Exercise requirements
Exactly as they appear, output all of the records. Skip any images.

Task material
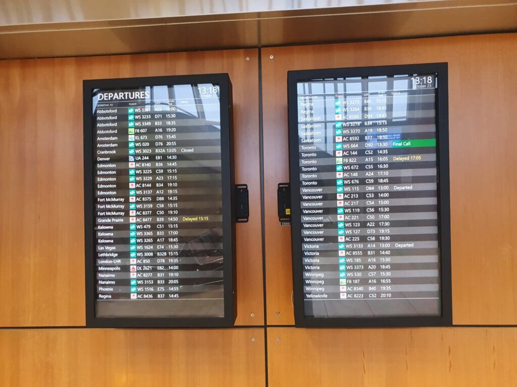 Following an uneventful journey, around thirty minutes after departing the city centre, the hangars of the airport appeared and the bus soon came to a halt at a stand outside the domestic arrivals hall. Entering this, as I had spotted in a few other Canadian airports, but is rare back home in Europe, the domestic baggage claim halls were located in the landside area and thus fully accessible to the non-travelling public. Whilst I’m sure that this area is well CCTV’ed up, I still can’t ignore the increased risk of baggage theft that this layout allows.
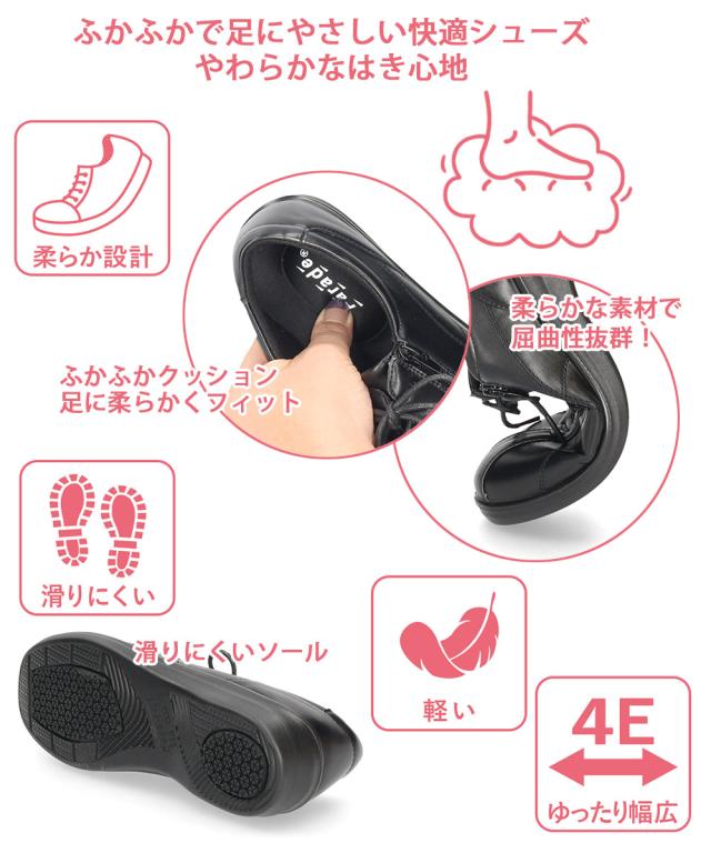 | やわらかな はき心地の コンフォートシューズ 柔らか設計;足になじみやすい柔らか素材、柔らかくフィットするふかふかクッション。軽い。ゆったり幅広設計 4E。滑りにくい設計のソール 。 足に嬉しい機能が充実!快適な歩行をサポートします。外側にファスナーが付いているので、脱ぎ履きも容易に行えます。 |
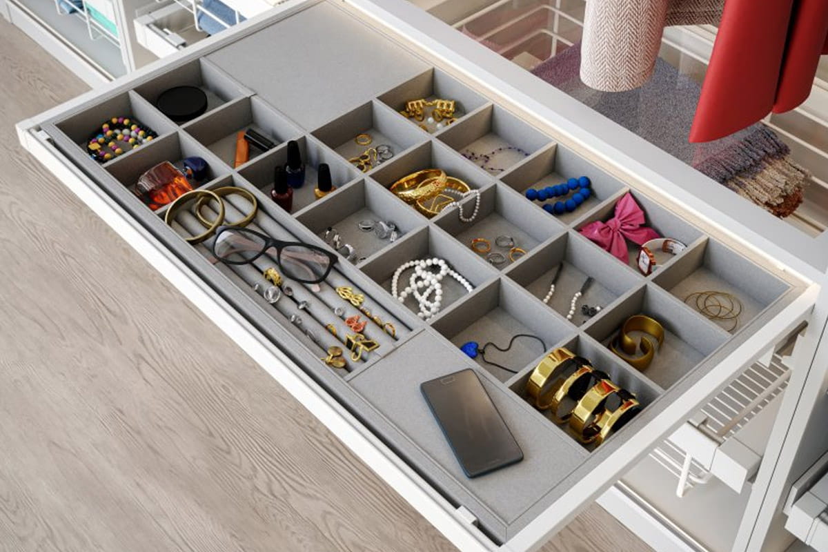 GTV Elite organizer na biżuterię Szuflada ELITE przeznaczona do przechowywania biżuterii została wyposażona w miękką, aksamitną wyściółkę oraz liczne przegródki, które zabezpieczają delikatne akcesoria i pomagają utrzymać idealny porządek. Mniejsze sekcje świetnie sprawdzą się na kolczyki czy pierścionki, natomiast większe z łatwością pomieszczą ozdoby do włosów, bransoletki czy okulary przeciwsłoneczne. Organizer oferowany jest w dwóch kolorach i czterech rozmiarach, a jego szerokość można dopasować do korpusu mebla. Mechanizm cichego domyku oraz pełny wysuw zapewniają wyjątkowy komfort użytkowania. W komplecie znajdują się: dwie prowadnice dolnego montażu, dwie osłony prowadnic, dwa elementy mocujące, rama z regulacją szerokości ±58 mm, szuflada z przegródkami oraz zestaw wkrętów.
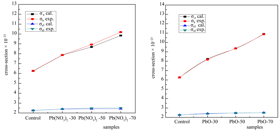 The total cross sections σ? and electronic cross sections sel have been calculated with respect to the experimental and calculated mass attenuation coefficients at energy 511 KeV and 662 KeV; the results given in the Figure 3 and Figure 4. The experimental values of total cross sections σ? and electronic cross sections sel are matched with the theoretical values. The small difference between the experimental and theoretical values might be from experimental setup, counting and efficiency errors in comparison to the calculated results of present work. The values of total cross sections sa and electronic cross sections sel for composite material contains lead oxide are more than composite material contains lead nitrate because the composite material contains lead oxide had a great contribution in various interaction with gamma-ray than composite material contains lead nitrate due to the weight fraction of Pb element is more in lead oxide than lead nitrate at the same weight. i.e the number of lead atoms in composite material contains lead oxide is more than in composite material contains lead nitrate. So electrons of lead in the last shell are fewer bands to the nucleus; this point increases the interaction probabilities for these atoms. The values of total cross sections σ? and electronic cross sections sel for all composite material at 511 KeV are higher than the values at 662 KeV may be due to the probability of absorption reduces with increasing incident photon energies.
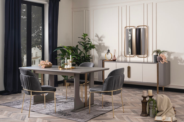 • Удобни столове за хранене: Тапицирани с мека кадифена материя с плисирани детайли на облегалката и метални крака със златно покритие , съчетаващи комфорт с елегантност.
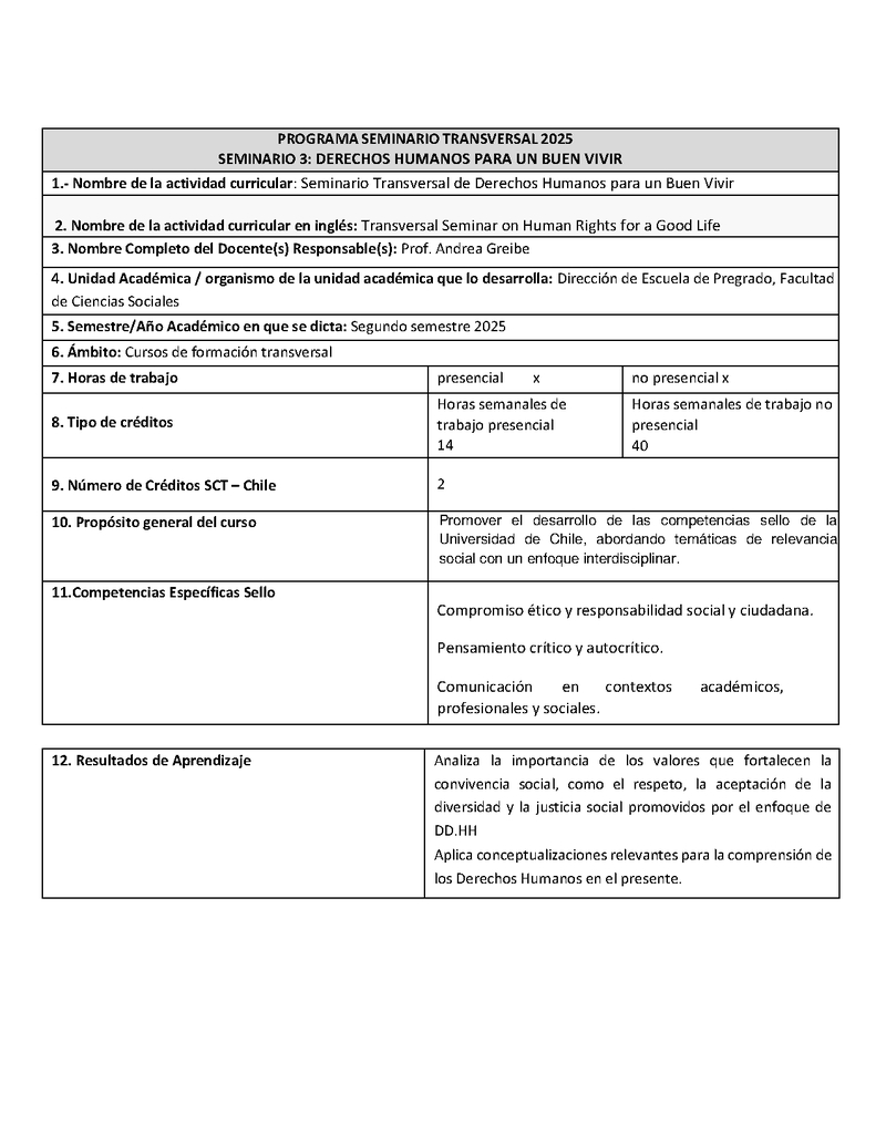 TRNSV00015-1 Seminario Tranversal de de Derechos Humanos para un Buen Vivir 2025, Segundo Semestre

Exercise answer
 Following an uneventful journey, around thirty minutes after departing the city centre, the hangars of the airport appeared and the bus soon came to a halt at a stand outside the domestic arrivals hall. Entering this, as I had spotted in a few other Canadian airports, but is rare back home in Europe, the domestic baggage claim halls were located in the landside area and thus fully accessible to the non-travelling public. Whilst I’m sure that this area is well CCTV’ed up, I still can’t ignore the increased risk of baggage theft that this layout allows.
 | やわらかな はき心地の コンフォートシューズ 柔らか設計;足になじみやすい柔らか素材、柔らかくフィットするふかふかクッション。軽い。ゆったり幅広設計 4E。滑りにくい設計のソール 。 足に嬉しい機能が充実!快適な歩行をサポートします。外側にファスナーが付いているので、脱ぎ履きも容易に行えます。 |
 GTV Elite organizer na biżuterię Szuflada ELITE przeznaczona do przechowywania biżuterii została wyposażona w miękką, aksamitną wyściółkę oraz liczne przegródki, które zabezpieczają delikatne akcesoria i pomagają utrzymać idealny porządek. Mniejsze sekcje świetnie sprawdzą się na kolczyki czy pierścionki, natomiast większe z łatwością pomieszczą ozdoby do włosów, bransoletki czy okulary przeciwsłoneczne. Organizer oferowany jest w dwóch kolorach i czterech rozmiarach, a jego szerokość można dopasować do korpusu mebla. Mechanizm cichego domyku oraz pełny wysuw zapewniają wyjątkowy komfort użytkowania. W komplecie znajdują się: dwie prowadnice dolnego montażu, dwie osłony prowadnic, dwa elementy mocujące, rama z regulacją szerokości ±58 mm, szuflada z przegródkami oraz zestaw wkrętów.
 The total cross sections σ? and electronic cross sections sel have been calculated with respect to the experimental and calculated mass attenuation coefficients at energy 511 KeV and 662 KeV; the results given in the Figure 3 and Figure 4. The experimental values of total cross sections σ? and electronic cross sections sel are matched with the theoretical values. The small difference between the experimental and theoretical values might be from experimental setup, counting and efficiency errors in comparison to the calculated results of present work. The values of total cross sections sa and electronic cross sections sel for composite material contains lead oxide are more than composite material contains lead nitrate because the composite material contains lead oxide had a great contribution in various interaction with gamma-ray than composite material contains lead nitrate due to the weight fraction of Pb element is more in lead oxide than lead nitrate at the same weight. i.e the number of lead atoms in composite material contains lead oxide is more than in composite material contains lead nitrate. So electrons of lead in the last shell are fewer bands to the nucleus; this point increases the interaction probabilities for these atoms. The values of total cross sections σ? and electronic cross sections sel for all composite material at 511 KeV are higher than the values at 662 KeV may be due to the probability of absorption reduces with increasing incident photon energies.
 • Удобни столове за хранене: Тапицирани с мека кадифена материя с плисирани детайли на облегалката и метални крака със златно покритие , съчетаващи комфорт с елегантност.
 TRNSV00015-1 Seminario Tranversal de de Derechos Humanos para un Buen Vivir 2025, Segundo Semestre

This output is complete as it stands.